New York Times (1/23): During Monday night’s full lunar eclipse, a small object slammed into the Moon, an event witnessed by astronomers and believed to be a space rock.

 

Other News

Blue Origin sends NASA-backed payloads to space and back on suborbital rocket ship

GeekWire.com (1/23): Blue Origins logged the 10th test launch of its suborbital New Shepard launch vehicle and capsule from West Texas on Wednesday, a step toward advancing the prospect of passenger missions by the end of this year. On this 10 minute, 15 second flight, the New Shepard lofted eight NASA payloads intended to advance human deep space exploration technologies to an altitude of 66 miles or 107 kilometers.

50 mph winds blow off the top of new SpaceX rocket

Orlando Sentinel (1/23): High winds in south Texas earlier this week are blamed for damage to SpaceX’s new Starship Hopper rocket. The fairing as well as mooring blocks were dislodged late Tuesday by the high winds at the company’s Boca Chica facilities near Corpus Christi. Prior to the incident, some hopper test flights were planned for early this year. Eventually the Starship hopper is to serve as the second stage for the Hawthorne, California based company’s Super Heavy rocket.
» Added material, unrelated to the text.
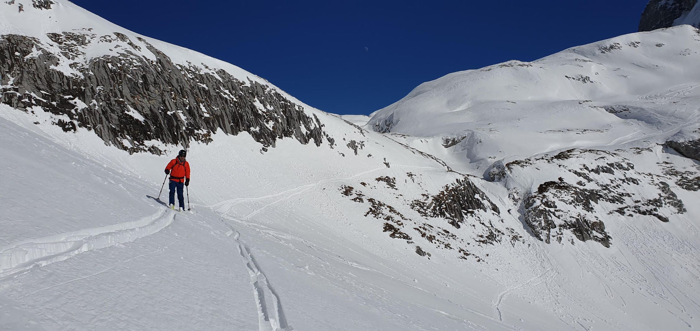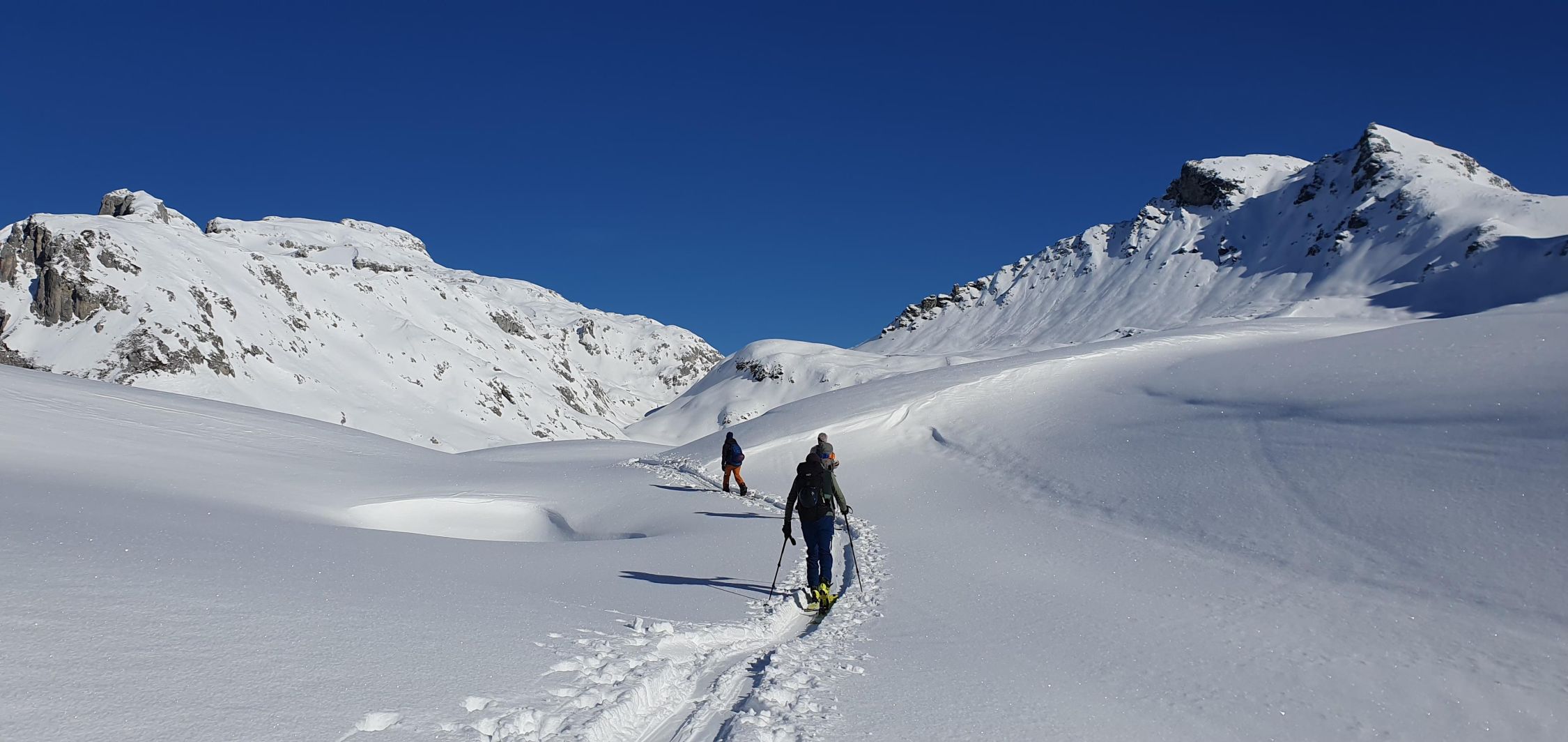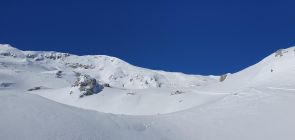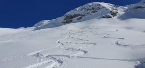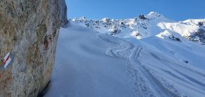 In St. Antönien gab es praktisch keinen Neuschnee. Erst über die Plasseggen und später auf der Abfahrt im oberen Bereich Richtung Gruobenpass gab es etwa 10 bis 30 cm Neuschnee. Um die Mittagszeit war der Schnee beim Partnunsee bereits aufgeweicht.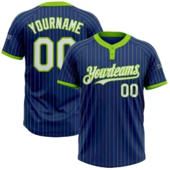 Custom Royal Neon Green Pinstripe White Two-Button Unisex Softball Jersey

Op-ed | Responsible satellite operations in the era of large constellations

SpaceNews.com (1/23): An op-ed calls for responsible global regulation as the numbers of satellites in low Earth orbit are set to leap from more than 2,000 to more than 20,000 with the advent of small satellites for communications, Earth observation and other services. Executives from OneWeb, Iridium and Digital Globe call for precautions that prevent the overlap of large small satellite constellations, while requiring investigations of deployment failures before future launches, responsive ground control and prompt disposal of inactive satellites.